On the left: Billy Porter wearing a black dress. On the right: Harry styles wearing a dress on the cover of Vogue

Billy Porter has fielded criticism for claiming that he “created the conversation” about gender-neutral fashion.

Porter, the 52-year-old begowned champion of red carpet style, has been at loggerheads with Harry Styles after the Cinderella star slammed American Vogue for featuring Styles wearing a dress on its December 2019 cover.

The opportunities that have been handed to Styles, a 27-year-old white man, have been much harder for Porter, an older Black man, to achieve, he told The Sunday Times.

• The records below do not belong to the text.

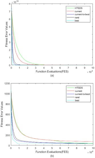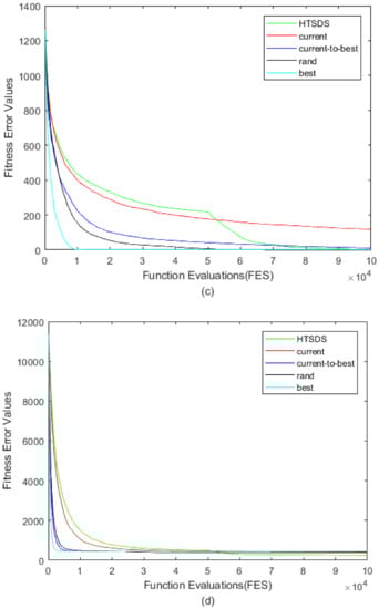 Although the characteristics of , , and have been described [], comparison with is rarely mentioned. Therefore, we compare the convergence rates of the four mutation strategies and the proposed HTSDS on typical optimization problems.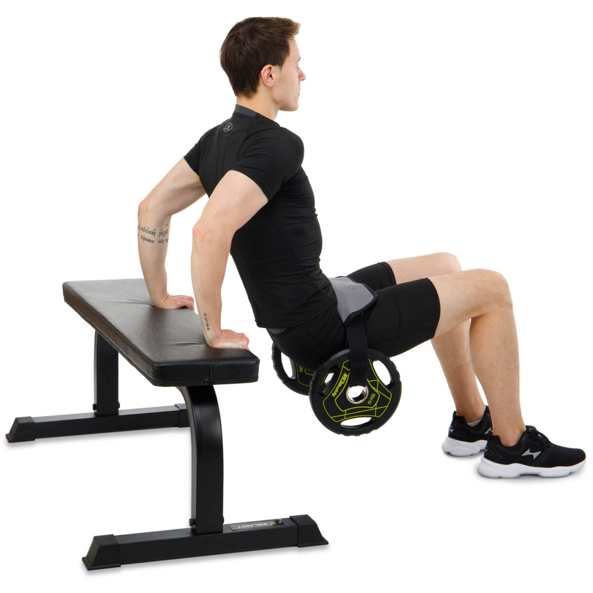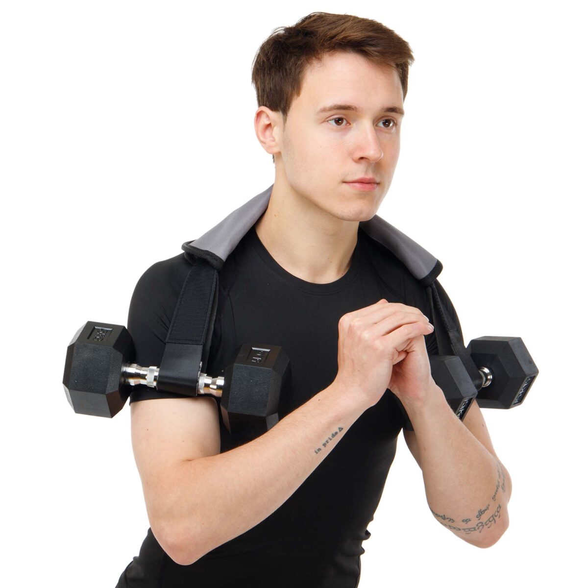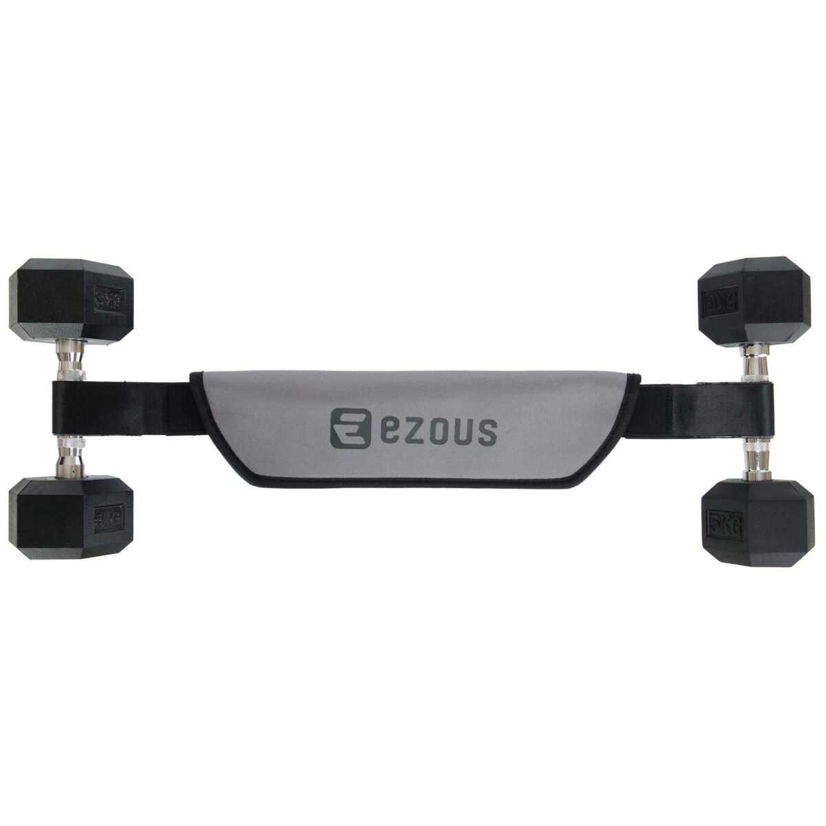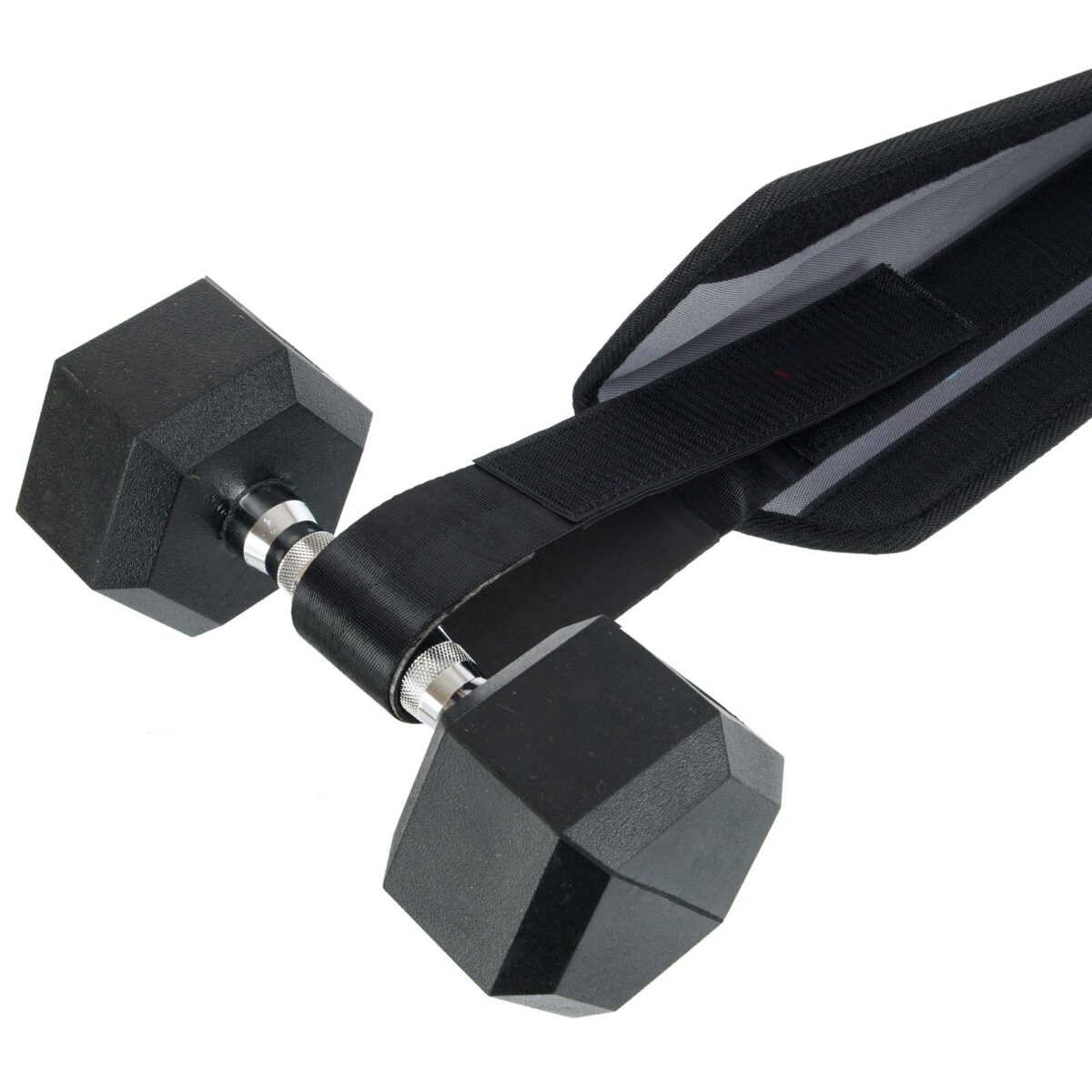Набедренный пояс PORTABLE HIP THRUST STRAP EZOUS — это современный инвентарь для эффективных домашних тренировок. Благодаря использованию пояса можно брать дополнительные отягощения для тренировки бедер и не только. Отягощение, например гантели, фиксируются по бокам на поясе с помощью специальных креплений (петель). Можно выполнять различные упражнения, включая упражнение на пресс, приседания, отжимания и даже упражнение на растяжку. Пояс изготовлен из неопрена и полиэстера. Использование двух этих материалов обеспечивает максимальную прочность и устойчивость износу. Изделие можно использовать для персональных домашних тренировок или тренировок в зале. Набедренный пояс имеет привлекательную спортивный дизайн и универсальный размер. Ширина изделия составляет 11 см, а длина — 43 см. Весит пояс всего лишь 213 г.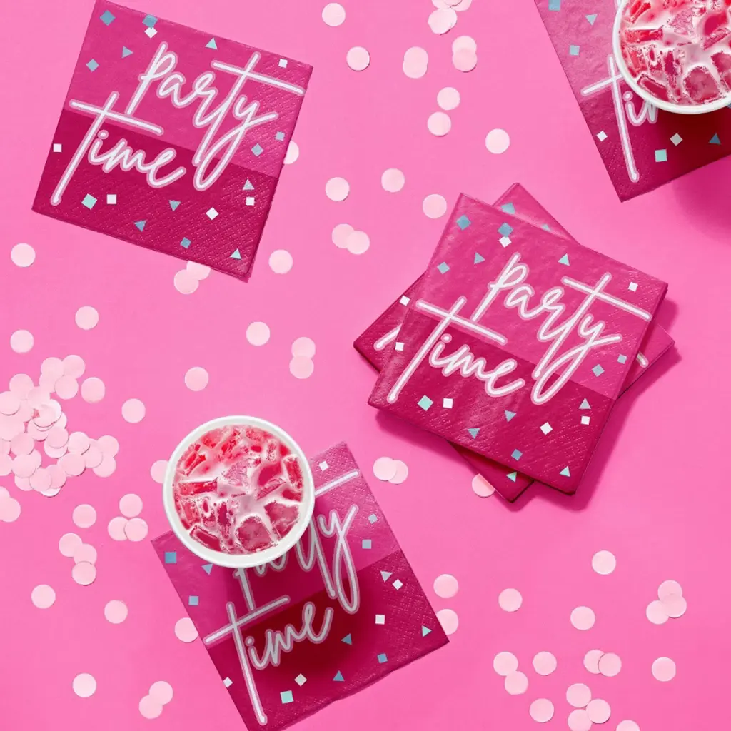 Grab this Hot Pink Foil 21st Birthday Tableware Set to throw a fabulous 21st birthday party! This kit comes with everything you need to host 8 guests with ease. You'll receive 9" round plates for your main course, 7" dessert plates, 5" cocktail napkins, and 6.5" dinner napkins that say "Finally 21" to complete the look. It's the perfect kit to bring your pink party to life and set a festive tone. Hosting an unforgettable birthday party has never been easier with this complete set!

“I created the conversation [about gender-neutral fashion] and yet Vogue still put Harry Styles, a straight white man, in a dress on their cover for the first time,” he told the British newspaper.

Billy Porter blasted for being a cis man claiming he created ‘non-binary fashion’

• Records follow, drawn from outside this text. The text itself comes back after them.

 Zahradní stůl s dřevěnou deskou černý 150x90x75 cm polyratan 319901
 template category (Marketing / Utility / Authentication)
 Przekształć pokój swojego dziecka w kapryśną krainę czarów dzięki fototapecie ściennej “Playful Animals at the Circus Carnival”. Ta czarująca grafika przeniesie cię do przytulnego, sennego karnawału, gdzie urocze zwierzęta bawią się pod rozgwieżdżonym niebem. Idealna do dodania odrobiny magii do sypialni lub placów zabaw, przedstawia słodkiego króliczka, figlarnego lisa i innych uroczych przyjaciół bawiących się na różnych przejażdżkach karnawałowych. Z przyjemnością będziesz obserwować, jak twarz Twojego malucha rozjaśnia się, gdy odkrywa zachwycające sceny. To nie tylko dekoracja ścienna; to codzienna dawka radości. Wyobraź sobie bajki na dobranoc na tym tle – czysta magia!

While Porter did not specially use the phrase “non-binary fashion” in the interview, his comments drew raised eyebrows from LGBT+ Twitter users, with some accusing him of “gatekeeping non-binary fashion“.

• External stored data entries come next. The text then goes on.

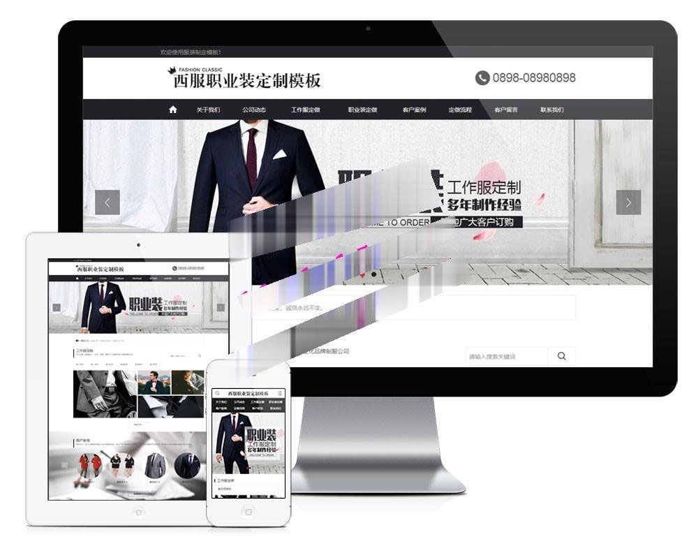 易优cms黑色西服职业装定制企业网站模板源码 带手机端 带后台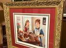 The art work depicts two young women in a kitchen setting, engaged in the activity of baking, with ingredients like apples and a rolling pin visible on a table. Pati Bannister is known for her romantic and nostalgic art, often featuring young women and themes of childhood or domestic life. The ART work comes with a matted fantastic frame in pristine condition. Produced in 1990, this contemporary piece reflects the style of illustration art and is an original print from the United States. The artwork is a collectible item that would make a lovely addition to any art lover's collection.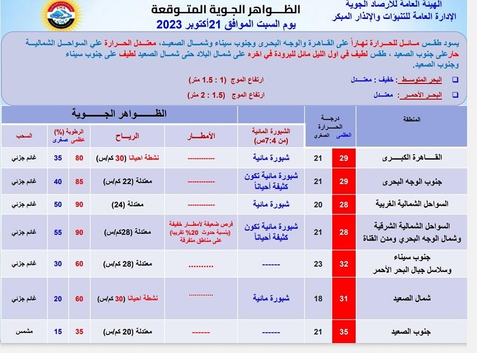 أعلنت الهيئة العامة لـ الأرصاد الجوية، عن حالة الطقس ودرجات الحرارة المتوقعة غدًا السبت، إذ أنه من المتوقع أن يسود طقس مائل للحرارة نهارًا على القاهرة الكبرى والوجه البحري وجنوب سيناء وشمال الصعيد.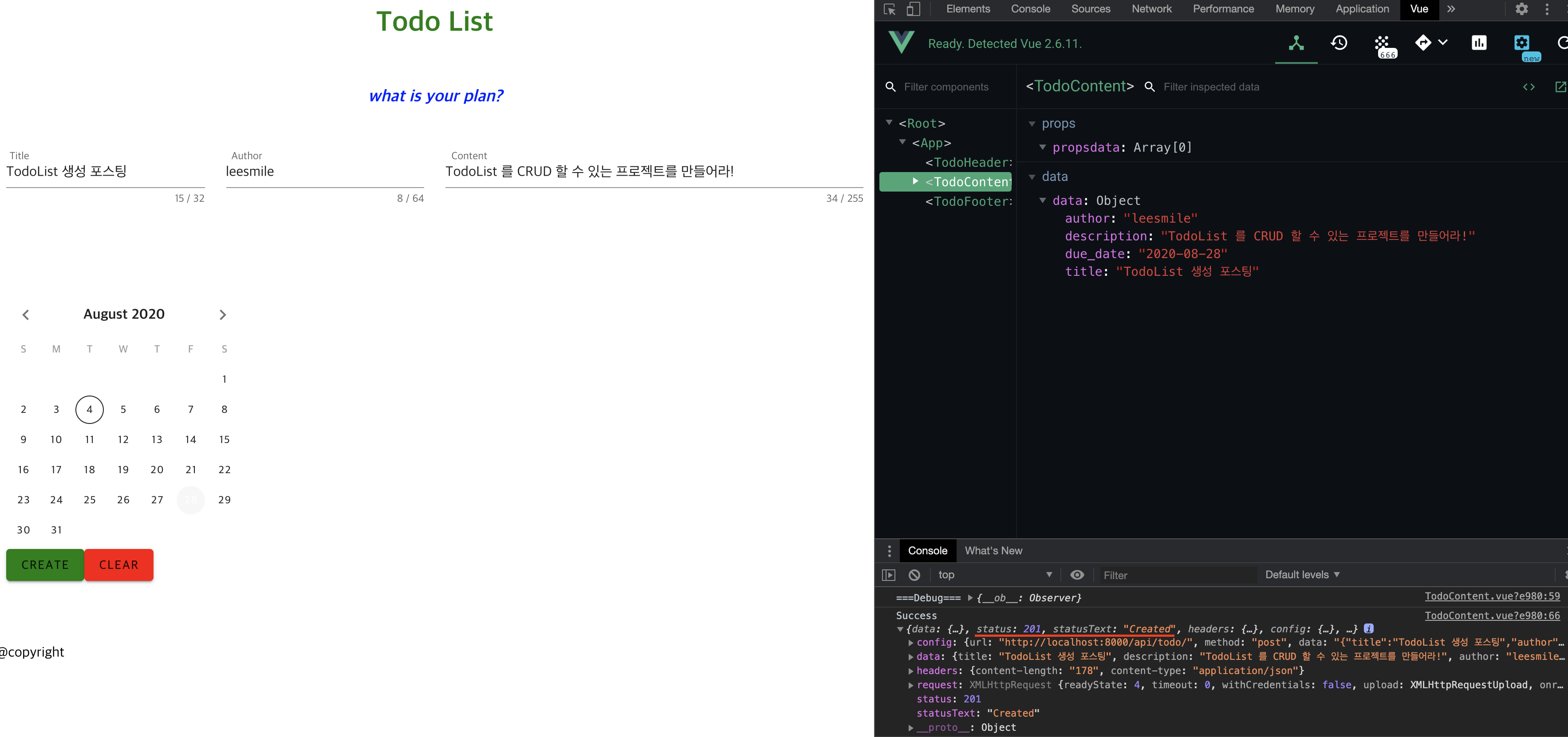 구현하기 전에 제가 생각한 Create 방법은 자식 컴포넌트(TodoContent.vue) 에서 부모 컴포넌트(App.vue) 에게 입력한 데이터를 전달하여 모든 요청응답은 App.vue 에서 하는게 어떨까 라는 생각과 자식 컴포넌트에서 바로 입력한 폼의 요청을 백엔드 서버로 보내는 방법 중에 고민을 했습니다. 정확하지 않지만 알아본 결과 EventBus 가 많으면 좋지 않다 라는 것을 확인하고, 자식 컴포넌트에서 받은 폼을 바로 백엔드 서버로 전송하는 것으로 방향을 잡았습니다. (Vue.js 를 공부하면서 포스팅을 하기에 확실한 정보가 아닐 수 있습니다. 피드백은 환영입니다. *^^*)

“He didn’t invent that concept,” fumed one user. “He wasn’t the first one to do it. This just seems like bitter jealousy that he hasn’t gotten a Vogue cover yet.”

“While I understand Billy’s sentiment, I’m looking at two cis individuals once again put ‘non-binary’ in a box as if it is a third gender and not a literal identity,” another added. “What exactly is non-binary fashion?”

Others, including bisexual Walking Dead star Daniel Newman, criticised Porter.

The Pose star, who donned a custom Christian Siriano tuxedo gown for the 2019 Oscars, insisted that he “changed the whole game” when it came to men wearing skirts and dresses as part of their personal style.

But he called out anti-Blackness in the entertainment and fashion industries which has long seen queer Black people erased – Porter included, he said.

“I was the first one doing it,” Porter said, “and now everybody is doing it.”

For Porter, that includes Styles, who graced Vogue as the first solo male cover star in its 127-year history wearing a Gucci lace dress.

“I’m not dragging Harry Styles,” he stressed, “but he is the one you’re going to try and use to represent this new conversation?

“He doesn’t care, he’s just doing it because it’s the thing to do.

“This is politics for me. This is my life. I had to fight my entire life to get to the place where I could wear a dress to the Oscars and not be gunned now.

“All he has to do is be white and straight.”